Chapter Six: The Founders of One Point Five Degrees C

How many times have they gathered together in the hope of changing the world? 

Kfir arrives first, of course he does, arrives early in fact, as Jen knew he would, and she buzzes him up, and they hug, and “Love the shirt,” he says, she’s wearing her Climate Summer tee, a memento from their first campaign, “Still fits!” she says, and he follows her to the kitchen to chop veg while she spoons dips into bowls, they ask the usual questions, how are Lizzie and the boys, how’s Mel, has she popped the question yet; they make the usual complaints, the heat, the fascists, the halting pace of progress; she arranges three cheeses on a board and he slices the baguette and they carry the lot into her living room where, “Candlelight?” he asks.

“Candlelight,” she says. 

With his Zippo he goes from each to each. All her tea lights and votives and tapers. It’s still light outside, in the city, but it won’t be for long. This will ease them into night. This will remind them of old times. 

She hands him a glass of the Lambrusco she’s opened, and they clink and drink, and he sits in the middle of the couch—which is the same couch they thrifted for the house on Snake Mountain, where they lived together their senior year, the year before they founded One Point Five; she’s had it reupholstered, but the feeling that it belongs to the group, that it belongs, even, to the movement, persists. Perhaps it’s the reason they’ve chosen her apartment for this meeting. Glass in hand, nothing left to prepare, she stands by the window and they wait. 

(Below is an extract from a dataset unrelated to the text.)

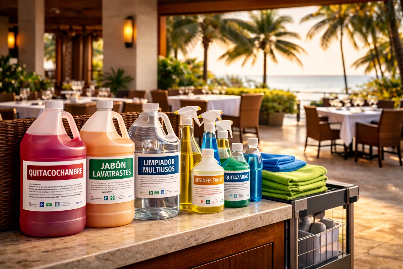 Línea profesional para cocinas exigentes: quitacochambre, pasta lavatrastes, desengrasantes industriales y desinfectantes fabricados en México. Surtimos restaurantes de Puerto Vallarta y la Bahía de Banderas.

In Shalani’s Prius the energy is opposite. Interrupting one another at will, she and Mike are talking about as fast as she’s driving. One question—“How the fuck have you been?”—launches a thousand narrative ships, some sink, none take a straight course, many merge and others cease to be ships, become birds with beating hearts and wings and wills entirely their own; they swarm and scatter, dazzling fragments: Picture him amidst the flotilla of kayaks barricading the world’s largest coal port in Australia. Picture her rallying again and again and again against the Keystone XL pipeline, trying to keep that narrative fresh for the press. He fell in love with a French journalist in Ho Chi Minh but it didn’t last. She experienced a similar disappointment with a Chilean botanist. He visited the Jain Bird Hospital in Delhi. She saw an indigo bunting in Central Park. He spent twenty-six days in silence at a monastery in Chiang Mai. Oh yeah? Well she was pregnant for nine months and then she gave birth. Top that motherfucker. Try to find a religious experience its equal anywhere on Earth. He wouldn’t dare. How old is Priya now anyway? Seven. Fuck. Right? That is an accomplishment, but it can’t be forgotten, he did found an expat bluegrass band. She’s not surprised. They aren’t half bad either; played a friend’s wedding just last month. Is that so? And how dare he have found other friends?! Slipping last minute into the exit lane, Shalani interrupts them both. “You dirtbag,” she says. “I’ve missed this.” So much has happened, but nothing has changed. 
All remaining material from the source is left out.